Обычно в подобных случаях он обнимал меня, но неловкость последней встречи все еще висела между нами ощутимым облаком, поэтому мы только обменялись смущенными улыбками и стали смотреть, как Арнольд Шварценеггер крушит все вокруг.

В мой последний день в Нью-Йорке погодные гуру предсказывали, что на город должно обрушиться не менее фута снега, что означало полную блокаду, пока не разгребут все сугробы. Впервые за свое рабство в «Сэси синьорз» я мечтала о том, чтобы снег не пошел. С самой катастрофы Джек–Мадди, или инцидента, как я это про себя называла, я чувствовала себя Хэном Соло, которого сунули в углеродную заморозку (сам факт, что я проводила аналогию между своей безнадежной любовью и «Звездными войнами», был верным признаком того, что Макс заставил меня смотреть дурацкий фильм бесчисленное количество раз). Но сама мысль о том, что отныне я свободна от «Сэси синьорз!», свободна от Роберта, от Пегги, свободна от невыносимо скучных поездок в невыносимо скучные городишки, требующих к тому же соблюдения строжайшей экономии, оптимизм начинал потихоньку согревать мое замерзшее сердце. Поэтому последнее, чего мне бы хотелось, ждать еще целый день, прежде чем я смогу разобрать письменный стол, попрощаться с коллегами и надеяться, что ноги моей больше не будет в промозгло-тоскливом офисе редакции. И, похоже, судьба решила стать на мою сторону: снежная буря, грозящая Нью-Йорку, в последнюю минуту неожиданно свернула с назначенного курса к югу, пощадив нас.
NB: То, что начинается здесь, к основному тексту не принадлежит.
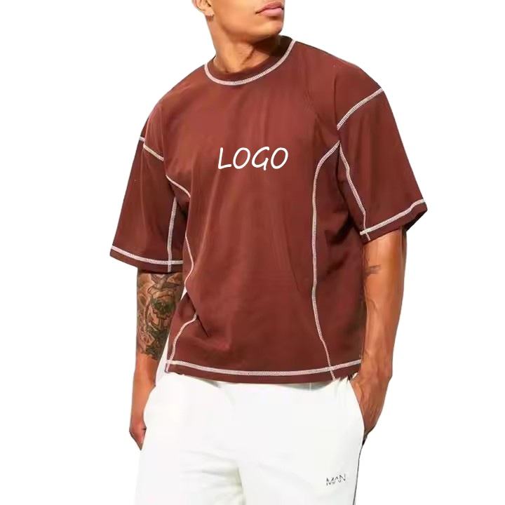 Custom Heavyweight 100%Cotton Contrast Stitching T Shirt Customized High Street Oversize Boxy Fit Tshirts for Men

Я также была рада попрощаться с Энид, некрасивой, молчаливой особой сорока с чем-то лет, которой предстояло стать моей преемницей (она уже притащила постер с взлохмаченным котенком, судорожно вцепившимся в ветку дерева, и предупреждением «Держись», начертанным внизу, который и собиралась повесить на перегородку рядом с любимой картинкой из комикса «Кэти», как только бывшая хозяйка клетушки уберется отсюда). Последнюю неделю я обучала ее своим нехитрым обязанностям. Временами мороз шел по коже, особенно когда Энид пялилась на меня стеклянными глазами, приоткрыв рот, и даже если я что-то спрашивала, продолжала таращиться несколько секунд, прежде чем ответить. Я так и не поняла: то ли мои наставления настолько утомляли ее, что она приучилась спать с открытыми глазами, то ли она была настолько замкнутой, что не могла общаться с нормальными людьми. А может, влюбилась в меня с первого взгляда и молчала в моем присутствии, как громом пораженная? (Впрочем, она выглядела почти бесполой, так что в последнее верилось слабо). Я понятия не имела, где Роберт ее выискал: хотя Энид утверждала, будто имеет опыт работы в журналах, пришлось объяснять ей, что не стоит заключать каждую фразу в кавычки, если при этом она никого не цитирует.

– Не нужно ставить в кавычки собственные описания, собственные мысли, только чтобы подчеркнуть их смысл, – напомнила я в свое последнее утро, проглядывая статью о Нью-Йорке, которую заставила ее написать для практики.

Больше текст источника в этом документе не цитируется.